Escrivolando

Suele haber un aleteo, un pensamiento fugaz que pone en marcha el mecanismo del deseo de contar algo que merece la pena, y entonces pierdes pie y sobrevuelas tu sueño y tu propio yo para buscar las palabras apropiadas, para ser al mismo tiempo alguien que piensa como tú o alguien que es capaz de entenderte y describir con claridad el paisaje que aparece ante tus ojos. En el cielo vas buscando las corrientes que te eleven o te bajen del lugar donde te encuentras y peleas con los seres que se enfrentan con tu vuelo. Te hacen daño los insectos que parecen brotar de tu corazón aturdido y te pican sin piedad. Te inquieta el ataque de las gaviotas y el reflexivo afán del aguila que desde el zenit te observa subir y bajar. Luego te vas quedando frío, suspendido tal vez sobre los filamentos algodonosos de una nube pasajera, y te fuerzas a hacer ejercicios para darte confianza. Así que relees los párrafos y sientes que ya has cambiado, que ahora eres un lector que entiende lo que le están diciendo y hablas con él un poco y aceptas que te corrija.

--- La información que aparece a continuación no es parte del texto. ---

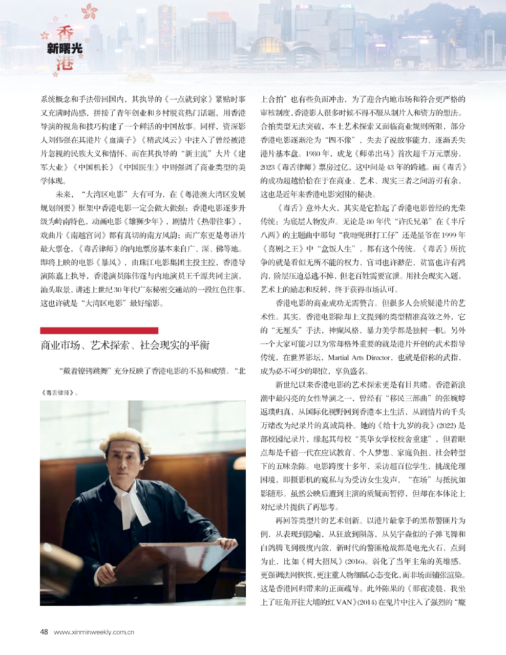 “戴着镣铐跳舞”充分反映了香港电影的不易和成绩。“北上合拍”也有些负面冲击,为了迎合内地市场和符合更严格的审核制度,香港影人很多时候不得不服从制片人和资方的想法。合拍类型无法突破,本土艺术探索又面临商业规则所限,部分香港电影逐渐沦为“四不像”,失去了说故事能力,逐渐丢失港片基本盘。1980年,成龙《师弟出马》首次超千万元票房,2023《毒舌律师》票房过亿,这中间是43年的跨越。而《毒舌》的成功超越恰恰在于在商业、艺术、现实三者之间游刃有余,这也是近年来香港电影突围的秘诀。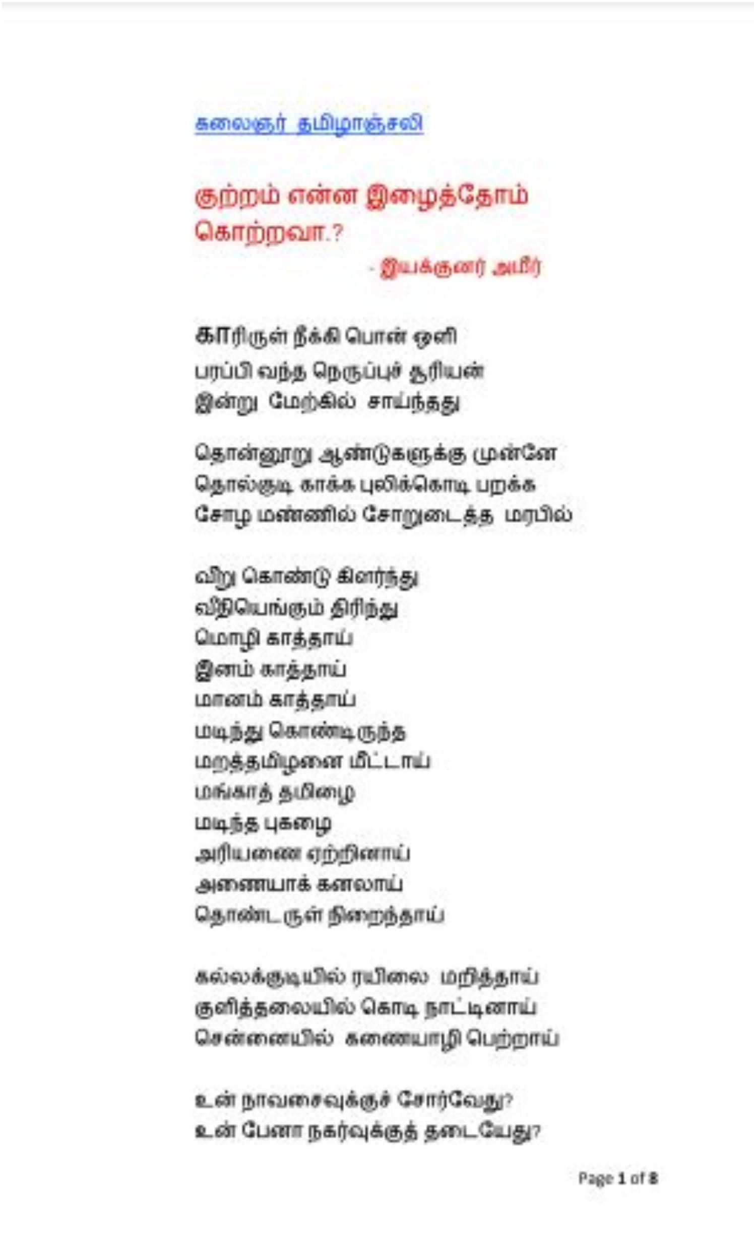 இந்நிலையில் இயக்குனர் அமீர் கலைஞர் கருணாநிதி பற்றி எழுதப்பட்ட உருக்கமான கவிதையை வெளியிட்டுள்ளார்.

De este modo vas metiendo cien morcillas que reescriben las frases primeras y complican el original y tomas cien mil decisiones que no tienen vuelta atrás, como la de borrar una idea o la de tirar todo el trabajo a la basura. No lo haces, normalmente. Permaneces volando bajo los altos cirros o realizando un rápido eslalon entre los cúmulos, mientras buscas imágenes en el cielo, mientras te deslizas por el mundo al ritmo del canto de un mirlo o siguiendo a las olas juguetonas que dibujan los estorninos al amanecer. Y allí sigues todavía unos minutos, ensimismado con el tren que va avanzando en cada línea y que siermpre descarrila en el margen derecho de la hoja, alelado por el fluir natural de un pensamiento que aprovecha las corrientes de los vientos giratorios, dando vueltas a este yo que se repite y buscando una salida entre las nubes.